5  Import penguins data

5.1 Learning Objectives

  • This chapter covers an ideal workflow for importing data into R

5.2 Access our data

Now that we have a project workspace, we are ready to import some data.

  • Use the link below to open a page in your browser with the data open

  • Right-click Save As to download in csv format to your computer (Make a note of where the file is being downloaded to e.g. Downloads)

5.3 Meet the Penguins

Photo of three penguin species, Chinstrap, Gentoo, Adelie

This data, taken from the palmerpenguins package was originally published by Gorman et al. (2014).

The palmer penguins data contains size measurements, clutch observations, and blood isotope ratios for three penguin species observed on three islands in the Palmer Archipelago, Antarctica over a study period of three years.

excel view, csv view

Top image: Penguins data viewed in Excel, Bottom image: Penguins data in native csv format

In raw format, each line of a CSV is separated by commas for different values. When you open this in a spreadsheet program like Excel it automatically converts those comma-separated values into tables and columns.

5.4 Make sure our data is in the correct directory

  • The data is now in your Downloads folder on your computer (by default)

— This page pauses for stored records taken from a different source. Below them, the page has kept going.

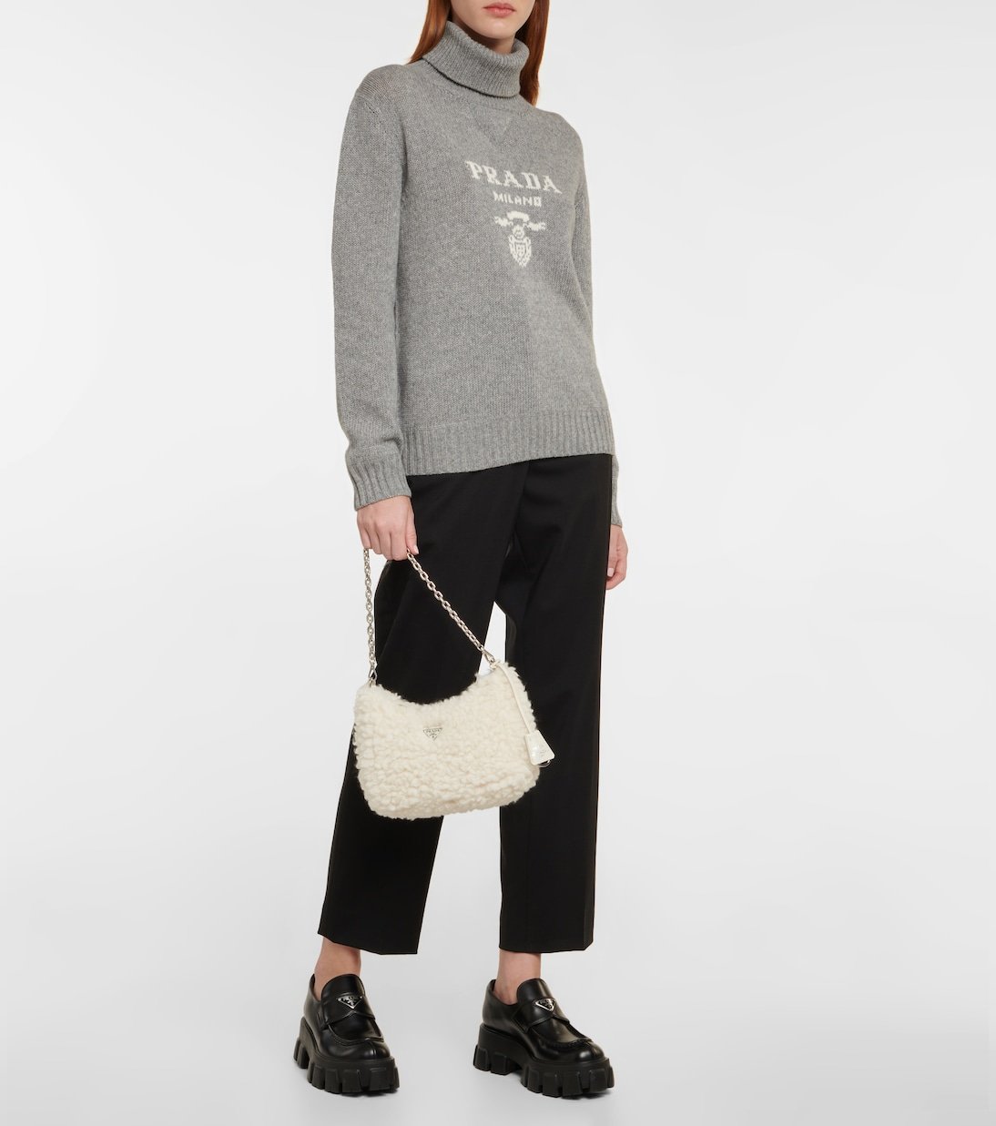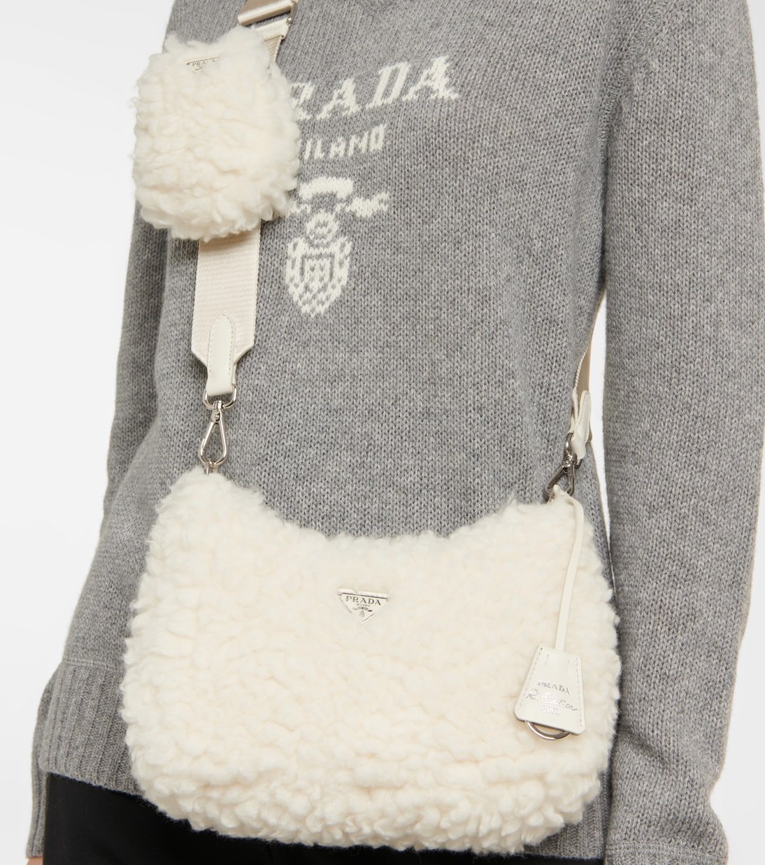Le sac Re-Edition 2005 Small de Prada revisite le célèbre modèle issu des archives. Façonné en soie, laine et cachemire doux, cet accessoire texturé blanc arbore une poignée chaîne argentée détachable ainsi qu’une bandoulière ajustable.
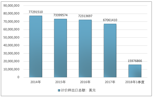 2016年我国计价秤出口总额72313697美元,2017年出口总额67061410美元;2019年1季度出口总额15976866美元。
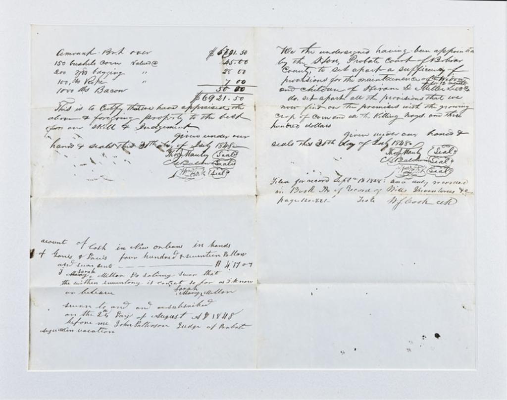 Fascinating double sided glass framed and matted Probate appraisal document in overall good condition, dated August 25, 1848, covering the estimated probate value of the estate of Hiram D. Miller including the value of corn crops, farm hogs, horses, cattle, furnishings, tools, and 12 slaves. Est.: $100-$200.
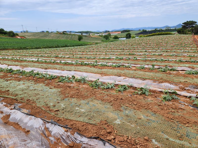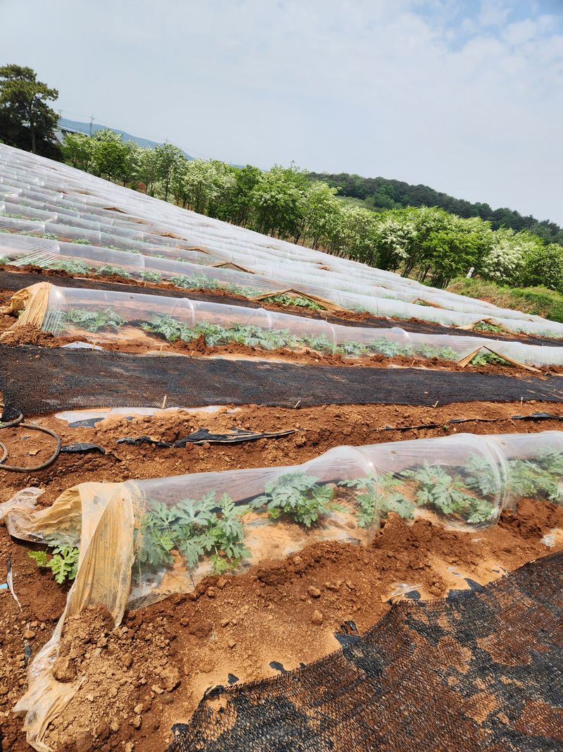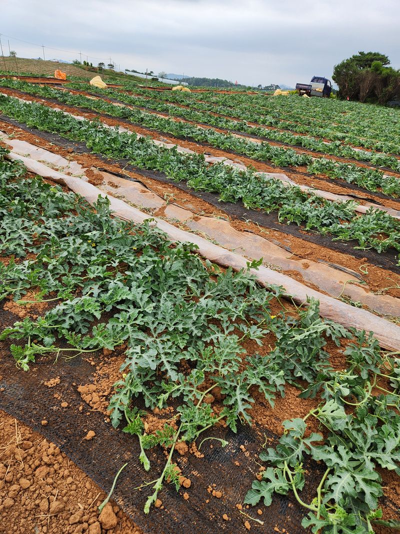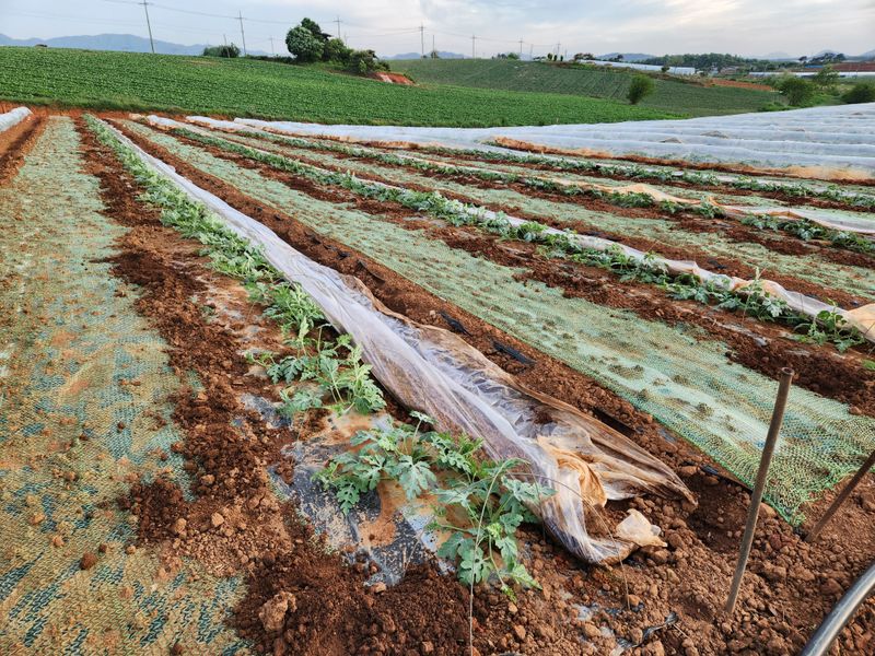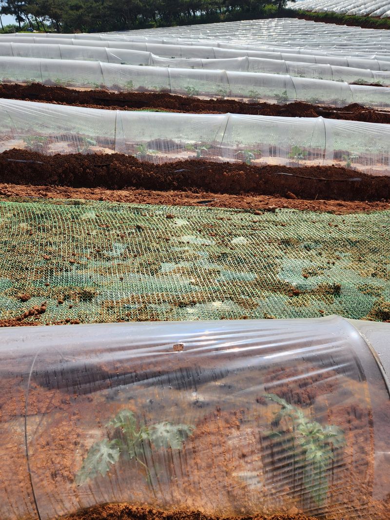 노지수박 마지막 농약살포작업. 하우스 메롱 모종 육묘장에서 배달옴 7,000주
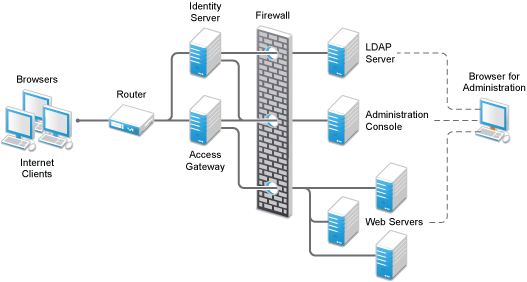 For a basic Access Manager installation, you can install the Identity Server and the Access Gateway outside your firewall. Figure 3-1 illustrates this scenario:
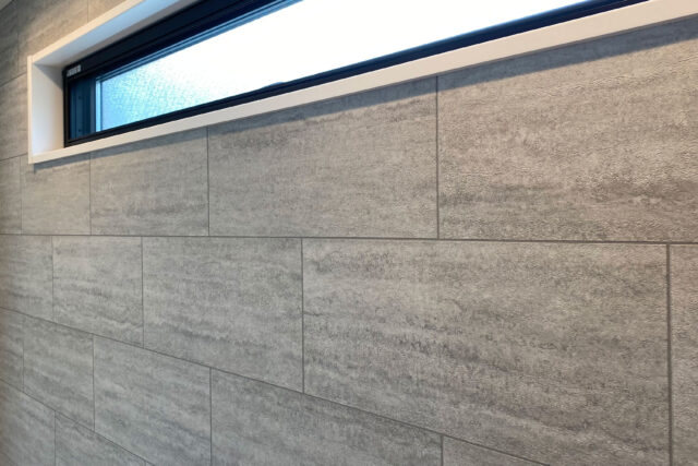 割付を計算した結果、窓を中心に張り替えることでシンメトリー的な割付になり左右のバランスが見事に合致しました。
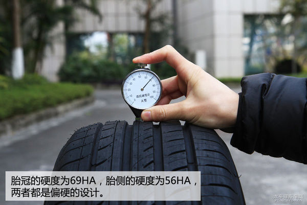C100的胎冠层硬度平均达到69AH,胎侧达到56AH,这个硬度对于一款偏舒适性的轮胎,确实有点大。当我们体形较胖的同事用身体去压胎体、用手去压胎冠和胎侧时,感到硬邦邦的。这么硬的轮胎对于舒适性影响有多大,而相反偏硬的设计对轮胎的操控又有着怎么样的影响?我们在动态测试的时候就能见分晓了。
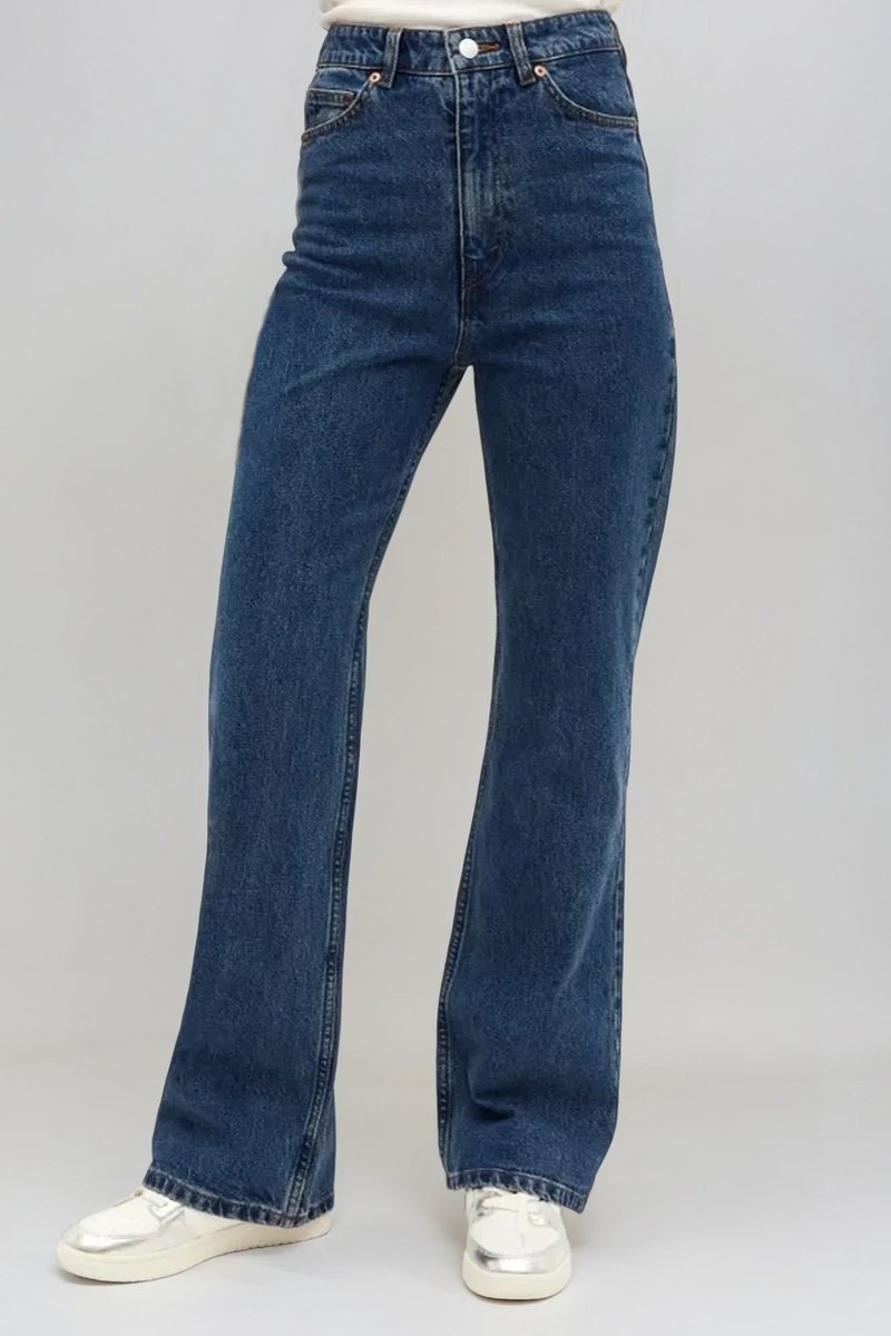 Calças de ganga cintura subida - Azul escuro - Monki

  • Move/copy/save it to the data/raw sub directory of your RStudio Project.

File tab

Highlighted the buttons to upload files, and more options

5.5 Make a script

Let’s now create a new R script file in which we will write instructions and store comments for manipulating data, developing tables and figures.

Your turn

Set your Rstudio theme to something that works for you:

#___________________________----
# SET UP ----
# An analysis of the bill dimensions of male and female 
# Adelie, Gentoo and Chinstrap penguins

# Data first published in  Gorman, KB, TD Williams, and WR Fraser. 
# 2014. 
# “Ecological Sexual Dimorphism and Environmental Variability 
# Within a Community of Antarctic Penguins (Genus Pygoscelis).” 
# PLos One 9 (3): e90081.
# https://doi.org/10.1371/journal.pone.0090081. 
#__________________________----

Why do we need scripts to be organised?

Scripts are a human readable record of our analysis - we need them to be organised, consistent, and well-documented. See Section 13.0.1 for general tips on how to do this.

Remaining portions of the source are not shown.